Варю кофе. Старая турка потемнела от ржавой воды. Плита хозяйская, грязная-прегрязная. У помойки ходит полосатый кот, тощий, умный и злой. Холодно.
Кофе умывает все, скрашивает и греет. Тащу к себе, разливаю по чашкам. Вино - по бокалам. И снова берусь за свое:
- Я хочу в город! Плизз... А? Так, чтобы много народу, и все красивые, пышные, пьяные. И певцы! Или балерины... Певцы лучше, жизненнее... Еще хочу ресторан. Мы закажем кучу еды. И китаянки будут носить нам...
- В городе еще нет китайских ресторанов... И денег пока у нас нет.
- Разве?
- Забыла?! Год-то какой! - он прихлебывает кофе, он его обожает. И улыбается вдруг. От его улыбки на шторах разгорается блеклый узорчик, яснее становятся названия стоящих на полке книг, за окном сигналят машины, слышно, как вода несется по водостокам. Где-то радио. Но я вновь думаю о путешествии в Город и все порчу. Машины умолкают. Бледнеет край покрывала и исчезает с моего пальца серебряное кольцо.

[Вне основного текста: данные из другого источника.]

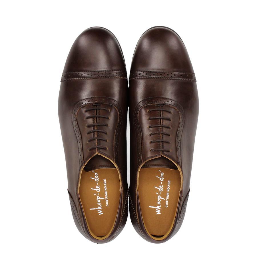 | ストレートチップオックスフォードシューズ 【素材】 足当たりの柔らかな牛革を使用したドレスカジュアルシューズ。 ※天然皮革を使用しているため、多少のシワや小傷、色ムラなどがございます。 【デザイン】 No.22130414をベースに革靴らしさを追加したことにより、様々な用途で使用できるモデルにモディファイしました。 シーズンにこだわらず程よく着崩しができるのがポイント。 【サイズ】 ※普段通常の革靴で25.5cm、スニーカーで26.5-27cmを着用するスタッフで<41/25.5cm>でジャストサイズでした。 ※サイズ感は、個人差がございますのであくまで参考程度にお考えください。 ■ブランド...whoop'-de-doo' costume no age ■カラー...BLACK ,DARK BROWN ■アッパー素材....牛革/一部羊革 ■底材.....合成ラバー ■ヒール...約2.9cm ■重さ(片足)...約417g ■中国製 *上記は全て25.5cmで計測した数値です。 *多少の誤差が生じる場合がございますので予めご了承下さい。 【サイズ選びのご参考に】 ※普段通常の革靴で25.5cm、スニーカーで26.5-27cmを着用するスタッフで<41/25.5cm>でジャストサイズでした。 ※サイズ感は個人差がございますので参考程度にお考え下さい。 whoop de doo co.,ltd whoop'-de-doo' フープディドゥ |

- Ну почему? Почему нельзя даже думать?! - кричу я.
- Отвлекаешься... - пожимает плечами он.
Я стихаю.
- Расскажи мне историю. - Просит он.
- Не сегодня... Слишком мало времени, ведь я уезжаю. Самолет прямо в полночь, представь!
- Тогда передавай всем приветы.
- Обязательно. - Я снова курю. - Почитай ты! Пушкина.

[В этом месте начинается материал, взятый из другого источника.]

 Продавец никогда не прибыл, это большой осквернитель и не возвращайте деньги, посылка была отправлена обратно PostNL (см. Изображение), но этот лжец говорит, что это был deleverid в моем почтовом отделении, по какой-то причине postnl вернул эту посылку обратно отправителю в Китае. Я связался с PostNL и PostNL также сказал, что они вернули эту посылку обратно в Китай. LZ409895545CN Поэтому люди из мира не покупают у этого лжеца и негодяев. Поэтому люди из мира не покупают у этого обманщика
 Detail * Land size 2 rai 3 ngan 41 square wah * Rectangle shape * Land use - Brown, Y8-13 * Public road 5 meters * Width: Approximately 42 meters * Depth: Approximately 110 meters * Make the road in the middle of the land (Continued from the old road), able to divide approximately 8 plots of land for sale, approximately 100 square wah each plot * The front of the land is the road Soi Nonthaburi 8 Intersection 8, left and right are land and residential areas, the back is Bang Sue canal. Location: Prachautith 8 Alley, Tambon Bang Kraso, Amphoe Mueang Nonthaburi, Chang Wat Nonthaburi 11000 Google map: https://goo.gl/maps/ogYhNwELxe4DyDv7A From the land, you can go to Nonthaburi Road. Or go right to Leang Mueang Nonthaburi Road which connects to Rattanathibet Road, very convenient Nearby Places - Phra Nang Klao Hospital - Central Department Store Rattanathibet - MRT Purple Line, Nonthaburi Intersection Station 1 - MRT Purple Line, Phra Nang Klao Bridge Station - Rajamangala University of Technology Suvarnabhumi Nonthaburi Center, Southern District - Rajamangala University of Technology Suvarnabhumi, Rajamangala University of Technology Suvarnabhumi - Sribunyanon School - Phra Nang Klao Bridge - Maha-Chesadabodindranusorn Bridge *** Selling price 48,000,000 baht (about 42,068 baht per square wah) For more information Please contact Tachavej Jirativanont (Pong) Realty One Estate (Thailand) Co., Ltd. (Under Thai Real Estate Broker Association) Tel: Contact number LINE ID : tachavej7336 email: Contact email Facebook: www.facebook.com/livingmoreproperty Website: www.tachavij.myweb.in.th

Он не спорит, тянется к полке, прижимает к груди серый шарф, чтобы тот не попал в вино. "Руслан и Людмила". Он великолепно читает. Я слушаю и лечу. Кофе остыл. В комнате накурено. С нами за столом Наина и Черномор. Тоже примолкли, задумались каждый о своем. Слушают историю собственной жизни. Слушают и дивятся - не так все было... или, напротив, вспоминают до мельчайших подробностей. Им хорошо - за ними все записали, и как! Вина им мало. Сюда бы водки.
Не так и важно, что мы не выходим из дома. Неважно, пока он читает...
Теперь все в тумане. Вижу только его глаза - лучистые, голубые. И еще руки, держащие синюю книгу. Пальцы узловатые, аккуратные ногти.
- Помнишь, как мы бродили по откосам у залива. - Ни с того ни с сего говорю я. - С плеером, в жуткий холод.
Он умолкает. За стеной пробуждается радио. Обои желтые в бледно-зеленый листик. И сплошь исчерчены древними иероглифами тараканьих дорожек. Какой же, в самом деле, год?
- Говорят, у писателей хорошая память. - произносит он.
- Было бы кстати... - улыбаюсь я. - Даже очень.
И вдруг вспоминаю:
- Ты повесил на стену карту мира?
- Ага. - Он немного смущается. - Над кроватью.
- За карту! - поднимаю бокал я.
Мы пьем, и он читает дальше. Исчезают стены. Передо мной, чуть подрагивая, появляется угол его жилища. Те же желтые обои, старая тумбочка, где ютятся белый заварник, немытая чашка и очки. Над незастеленной кроватью - карта мира. Ее видно особенно хорошо.
Хочется поставить туда флажок, много флажков, и летать меж ними... летать.
Самолет только в полночь, а нужно сейчас и немедленно.
Он закрывает книгу, потому что пора. Дочитает завтра, в следующей жизни. Я опускаю глаза и вижу свои руки - длинные, белые пальцы, между средним и указательным тлеет "ТУ- 134".
- Ну, что ж, счастливо тебе!
- И тебе!
- Увидимся...
- Как пойдет... - я стараюсь шутить.
- Пойдет! - он целует меня. Встает на цыпочки и целует в щеку.
Я закрываю за ним дверь. На столе - нераспечатанная бутылка африканского вина. За окном - снег, крупными хлопьями, так, что больше ничего не видно.